Dataset content:
☆ ☆ ☆ ☆ ☆ ☆ ☆
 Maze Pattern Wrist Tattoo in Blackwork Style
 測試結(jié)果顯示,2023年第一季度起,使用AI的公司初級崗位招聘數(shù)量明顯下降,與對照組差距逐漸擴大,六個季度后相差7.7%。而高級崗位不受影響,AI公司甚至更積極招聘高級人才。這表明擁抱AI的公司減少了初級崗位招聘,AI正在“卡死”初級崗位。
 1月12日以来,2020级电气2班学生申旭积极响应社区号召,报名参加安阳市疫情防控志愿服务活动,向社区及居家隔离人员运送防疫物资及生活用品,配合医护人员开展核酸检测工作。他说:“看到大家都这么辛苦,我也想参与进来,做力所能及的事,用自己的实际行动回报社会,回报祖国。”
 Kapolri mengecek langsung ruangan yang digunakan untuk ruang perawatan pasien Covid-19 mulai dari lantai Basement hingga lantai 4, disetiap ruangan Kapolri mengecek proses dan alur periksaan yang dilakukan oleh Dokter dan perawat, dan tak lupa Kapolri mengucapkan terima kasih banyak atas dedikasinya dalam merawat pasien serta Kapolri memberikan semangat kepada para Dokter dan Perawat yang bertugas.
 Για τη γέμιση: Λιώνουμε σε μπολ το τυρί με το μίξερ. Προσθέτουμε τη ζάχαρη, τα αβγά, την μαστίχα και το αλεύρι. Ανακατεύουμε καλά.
☆ ☆ ☆ ☆ ☆ ☆ ☆
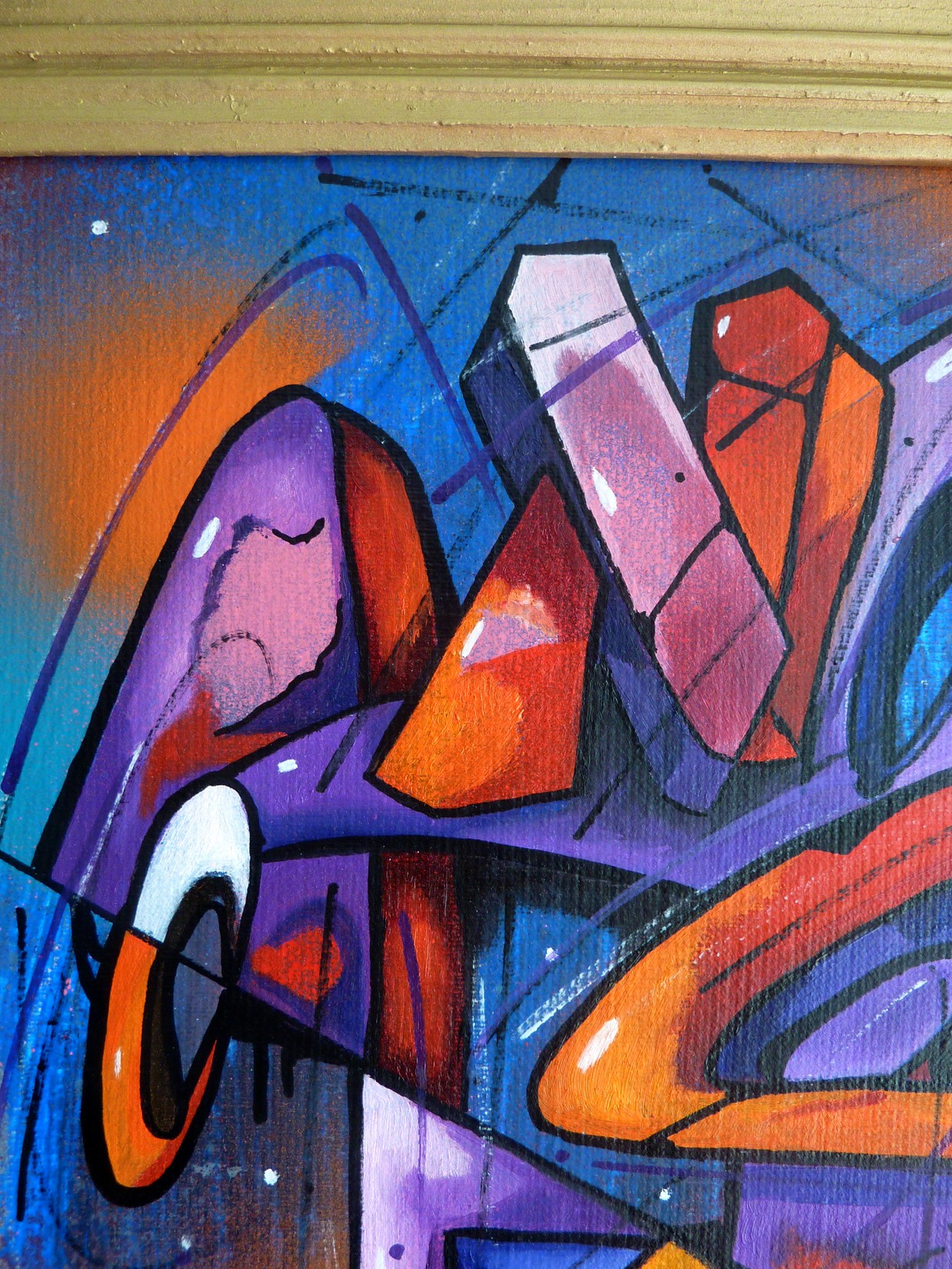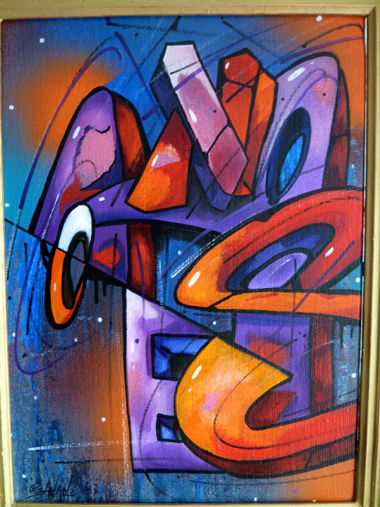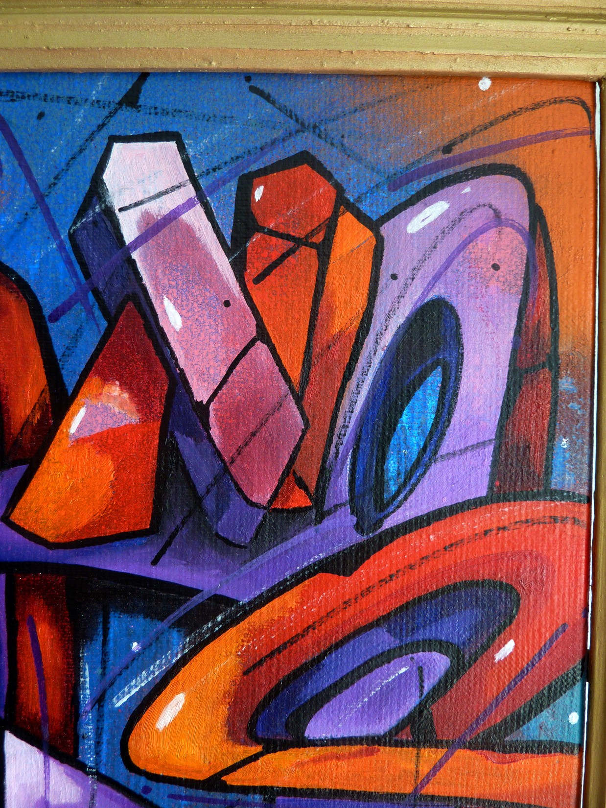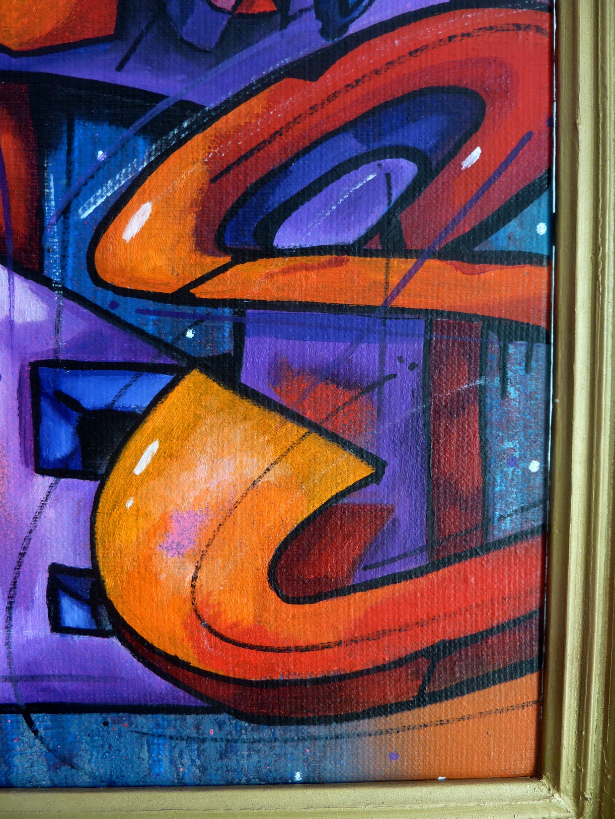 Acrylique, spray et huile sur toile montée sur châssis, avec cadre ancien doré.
☆ ☆ ☆ ☆ ☆ ☆ ☆
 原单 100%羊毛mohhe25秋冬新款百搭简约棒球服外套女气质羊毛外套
☆ ☆ ☆ ☆ ☆ ☆ ☆
Action item:
Extract the lines of the preceding material that run from the line with "Maze Pattern Wrist Tattoo in Blackwork Style" through the line with "1月12日以来,2020级电", inclusive, reproducing them exactly and adding nothing.

Reply to the task:
 Maze Pattern Wrist Tattoo in Blackwork Style
 測試結(jié)果顯示,2023年第一季度起,使用AI的公司初級崗位招聘數(shù)量明顯下降,與對照組差距逐漸擴大,六個季度后相差7.7%。而高級崗位不受影響,AI公司甚至更積極招聘高級人才。這表明擁抱AI的公司減少了初級崗位招聘,AI正在“卡死”初級崗位。
 1月12日以来,2020级电气2班学生申旭积极响应社区号召,报名参加安阳市疫情防控志愿服务活动,向社区及居家隔离人员运送防疫物资及生活用品,配合医护人员开展核酸检测工作。他说:“看到大家都这么辛苦,我也想参与进来,做力所能及的事,用自己的实际行动回报社会,回报祖国。”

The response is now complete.